Kaum hatte Gurronsevas die Frage ausgesprochen, wußte er, daß sie überflüssig gewesen war. Alle Gesichter auf den Fotos waren nämlich derart scharf und deutlich, daß Remrath den verletzten Wemarer einfach durch negative Auslese identifizieren konnte.

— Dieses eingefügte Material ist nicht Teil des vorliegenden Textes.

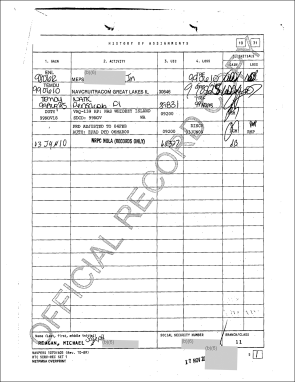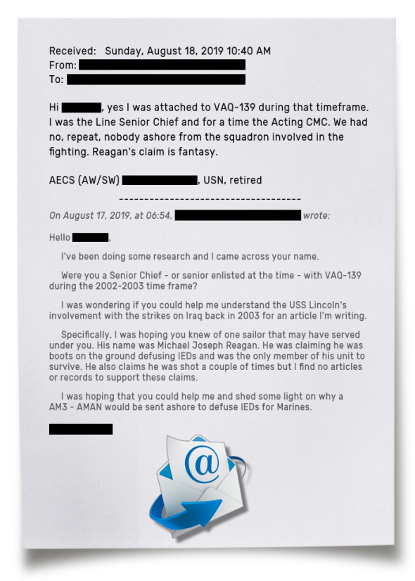 The Senior Enlisted from Michael Reagan’s command, VAQ-139, was contacted in an effort to verify some of his claims…
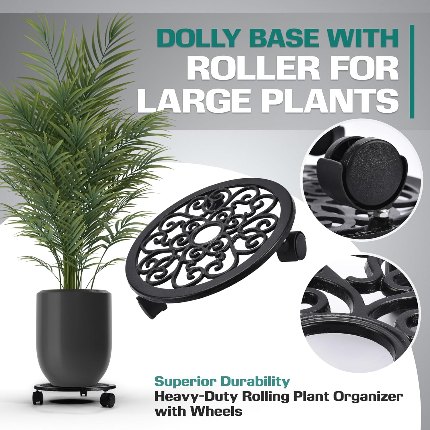 2WAYZ Plant Stand with Wheels - Heavy-Duty Rolling Plant Caddy - Dolly Base with Roller for Large Potted Plants and Flower Pot - Ideal for Indoor and Outdoor Planters - Set of 1 - Black
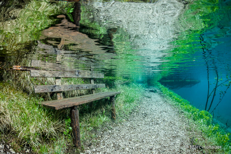 The submerged tree trunks and branches, paths, park benches and big rocks make the bottom of the lake look like a wonderland, as if there is a civilization underwater. The vision is perfected with the sun streaming down in beams from the surface of the water. The ripples and waves make waves of light on the ground making it almost a surreal experience.
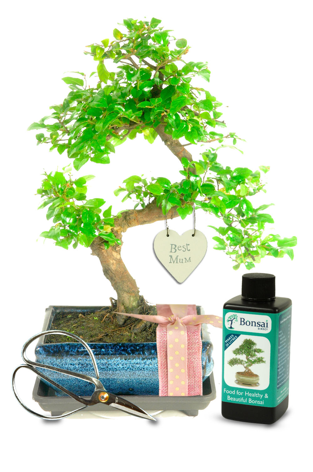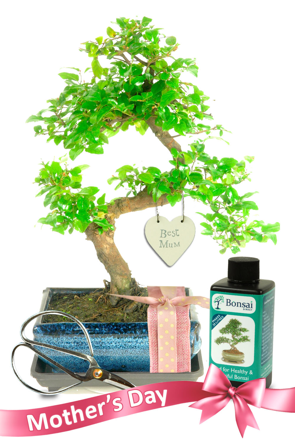 Make this Mother’s Day unforgettable with our inspired choice. Show your mum how much she means to you! The Chinese Sweet Plum, a fruiting bonsai ideal for beginners, features a twisty trunk, red-toned bark, and fresh green leaves. In summer, the foliage tips transform to a lovely russet tone, and as the tree matures, small purple plum-like fruits appear during warmer months. This 8-year-old bonsai comes in a navy blue ceramic pot with a dark-coloured drip tray. The gift set includes pruning scissors and fertiliser. We have enhanced the gift with a “Best Mum” hanging heart-shaped wooden tag, beautifully presented in pink jute and ribbon. Need a last-minute gift? Enjoy Mother’s Day delivery!
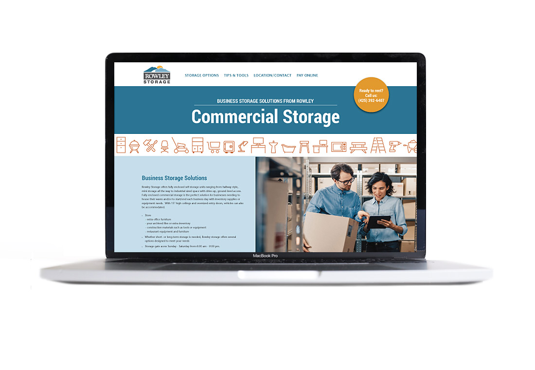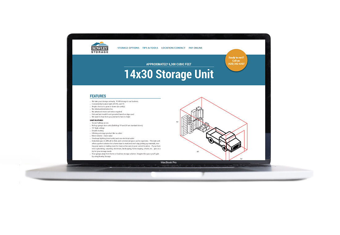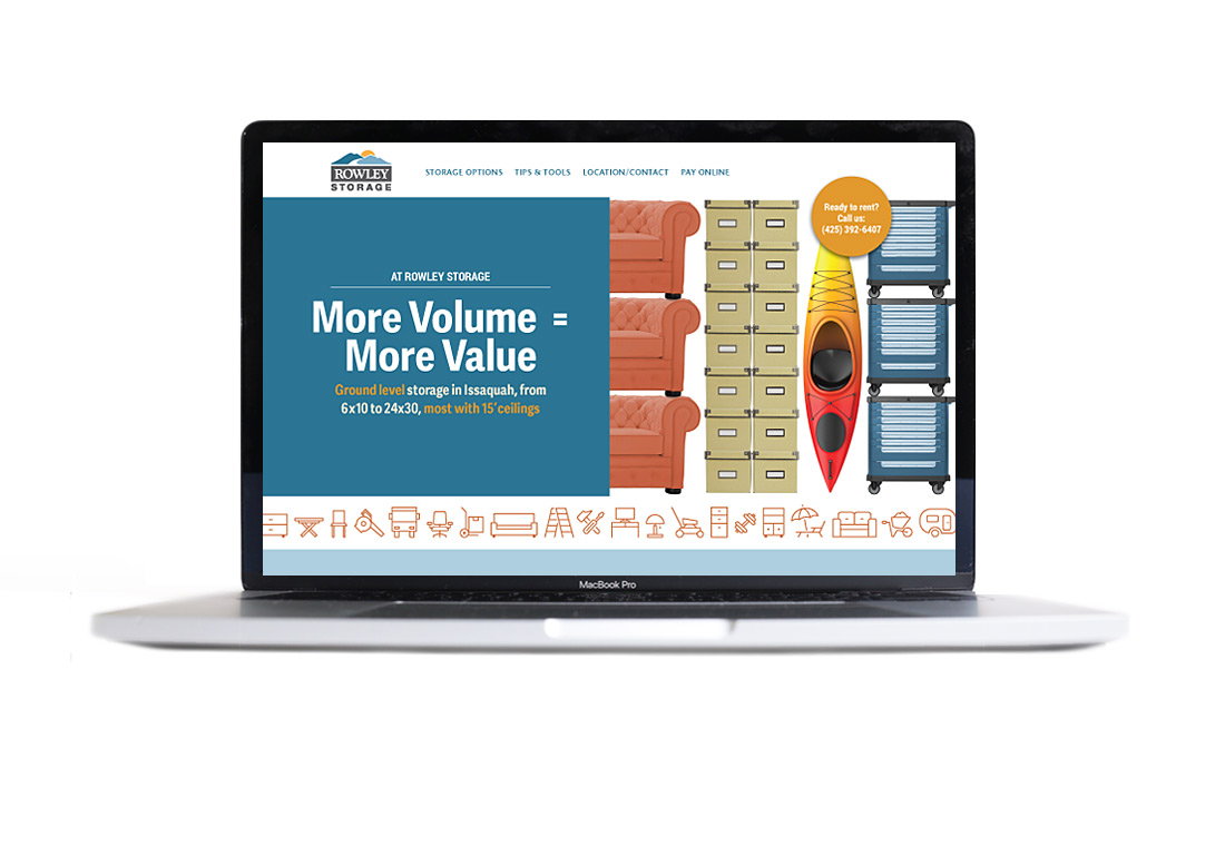 For Rowley's Self-Storage business we highlighted the 15' ceilings in their units with the headline "More Volume = More Value" and a series of home page animations that illustrate the concept. (The home page displays one of three animations randomly each time the page loads.) The unit pages feature 3D drawings meant to help customers visualize the space.

„Es ist Creethar, ihr Anführer“, antwortete Remrath mit noch leiserer Stimme. „Ein äußerst mutiger, einfallsreicher und beliebter Jäger. Creethar ist mein jüngster Sohn.“

27. Kapitel

Tawsar stand dem Vorhaben zwar ablehnend gegenüber, hatte aber Mitleid, und Remrath war unnachgiebig, was bedeutete, daß der Chefkoch als Sieger aus der Auseinandersetzung hervorging. Doch auch so dauerte es noch drei Stunden, bevor die Rhabwar mit Remrath an Bord zu jener Sorte von Einsatz starten konnte, für den sie eigens gebaut worden war.